» **Task prompt**: Using only the entries below, output the lines starting at the one containing "The Basket of" and ending at the one containing "省派驻宜阳县香鹿山镇东韩村第", exactly and inclusive of both, omitting the pictures.

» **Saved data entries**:
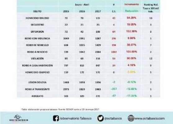 En mayo de 2017, Observatorio Tabasco publicó vía @octabasco (Twitter): ocho de doce delitos presentan incremento en el cuatrimestre de 2017 en relación a 2016, y once están arriba de la media nacional, la extorsión reporta un incremento de 152.38%acumulado enero abril 2017 comparado con el mismo periodo de 2016.
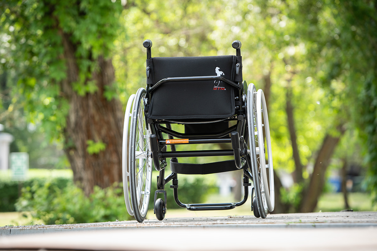 La silla de ruedas GTM BASIC cuenta con una estructura clásica de marco cerrado y con posición ajustable en el centro de gravedad.
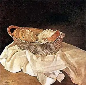 The Basket of Bread is a painting by Spanish surrealist Salvador Dalí. The painting depicts four pieces of bread with butter on them sitting in a basket. One is separated from the others and is half-bitten. The basket sits on a white cloth. The painting resides at the Salvador Dalí Museum, St. Petersburg, Florida.
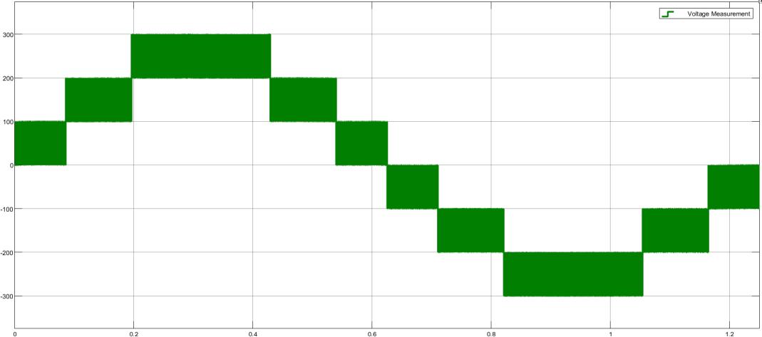 Theabovefiguredisplaysthevoltagemeasurementwaveformcapturedduringasimulatedelectronicoperation.Theplotshows astep-likewaveformwithbothpositiveandnegativeamplitudes.Thehorizontalaxisdenotestimeinseconds,rangingfrom0to approximately1.20seconds,whiletheverticalaxisshowsthevoltagelevelinvolts.Thewaveformstartswithapositivevoltage of +100 volts, then gradually climbs to +200 volts and reaches a peak of +300 volts before descending back toward 0 volts. Subsequently,the voltagedropsintothenegativerange, fallingto -100volts,then-200volts,andfurtherdownto -300volts, reflecting a symmetric pattern. Each step maintains its respective voltage for nearly 0.20 seconds, which illustrates the waveform’s multilevel nature. Overall, this plot demonstrates how the voltage varies over time, which is a crucial aspect in analyzingelectronicsignalsandunderstandingtheirbehaviorinrelatedcircuits.
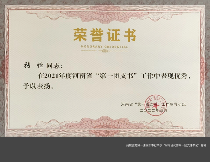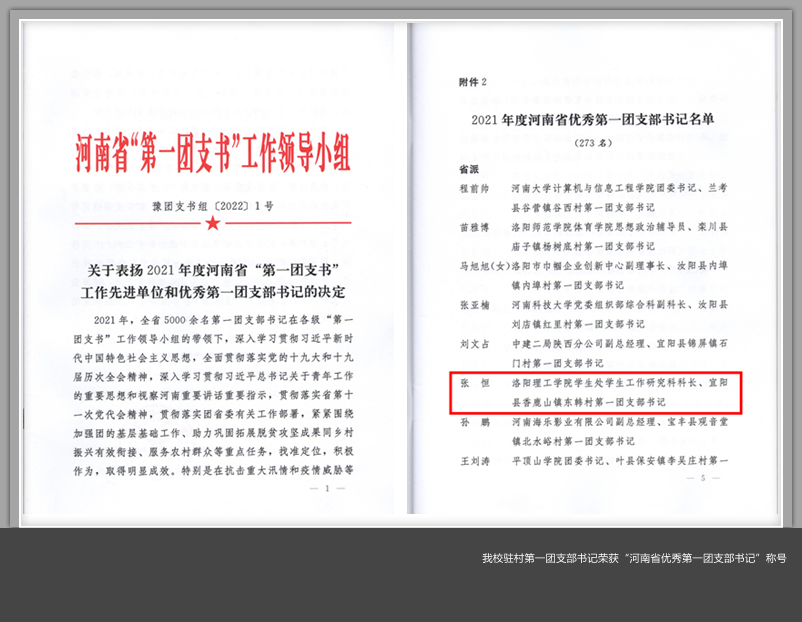 省派驻宜阳县香鹿山镇东韩村第一团支部书记张恒同志被授予“河南省优秀第一团支部书记”荣誉称号。
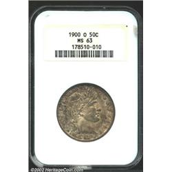 1900-O 50C MS63 NGC. Writing in the 1991 book The Complete Guide to Barber Halves, David Lawrence states that perhaps 65-80% of 1900-O Half Dollars were softly struck. On the other hand, this is a well produced survivor with bold overall definition that wanes slightly over the eagle's right (facing) shoulder. There are a few wispy abrasions on the obverse, none of which are sizeable, and none of which are out of context with the MS63 level. In fact, the surfaces are uncommonly smooth for the grade with original, mottled, olive-tan toning. A shallow obverse planchet void (as struck) is noted over Liberty's cheek.From the Ohio Collection. Important notice: We expect to be auctioning lots at the rate of 200-250 per hour. Sometimes eBay Premier live bid software cannot keep up with that pace, so we strongly recommend that you place a realistic proxy bid now as insurance to avoid disappointment. Also please note that all Heritage/CAA lots purchased through eBay Premier carry a 20% Buyer's Premium. Please make sure you read the Terms and Conditions.
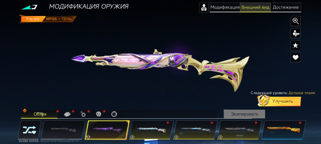 M4a1 железное восстание, м4а1 колоссальный титан, ак47 полночный ужас lv.4, kag 6 зверь титан, scar сила природы, scar уничтожение меха, scar расплавленное ядро, ar97 bit strike, mcx хання, fal зверь титан, fal развитый дракон, galil небесная жила, vector искажение неон, urb Асура, p90 расплавленное ядро, p90 кровавый кристалл, inp9 расплавленное ядро, Uzi модная аркада lv.4, mp155 тень, origin 12 громовой коготь, origin 12 Джек разрушитель, m700 скачок напряжения lv.3, m700 громовой огнестрел, kar98k star hunter.

» **Solution to this problem**:
 The Basket of Bread is a painting by Spanish surrealist Salvador Dalí. The painting depicts four pieces of bread with butter on them sitting in a basket. One is separated from the others and is half-bitten. The basket sits on a white cloth. The painting resides at the Salvador Dalí Museum, St. Petersburg, Florida.
 Theabovefiguredisplaysthevoltagemeasurementwaveformcapturedduringasimulatedelectronicoperation.Theplotshows astep-likewaveformwithbothpositiveandnegativeamplitudes.Thehorizontalaxisdenotestimeinseconds,rangingfrom0to approximately1.20seconds,whiletheverticalaxisshowsthevoltagelevelinvolts.Thewaveformstartswithapositivevoltage of +100 volts, then gradually climbs to +200 volts and reaches a peak of +300 volts before descending back toward 0 volts. Subsequently,the voltagedropsintothenegativerange, fallingto -100volts,then-200volts,andfurtherdownto -300volts, reflecting a symmetric pattern. Each step maintains its respective voltage for nearly 0.20 seconds, which illustrates the waveform’s multilevel nature. Overall, this plot demonstrates how the voltage varies over time, which is a crucial aspect in analyzingelectronicsignalsandunderstandingtheirbehaviorinrelatedcircuits.
 省派驻宜阳县香鹿山镇东韩村第一团支部书记张恒同志被授予“河南省优秀第一团支部书记”荣誉称号。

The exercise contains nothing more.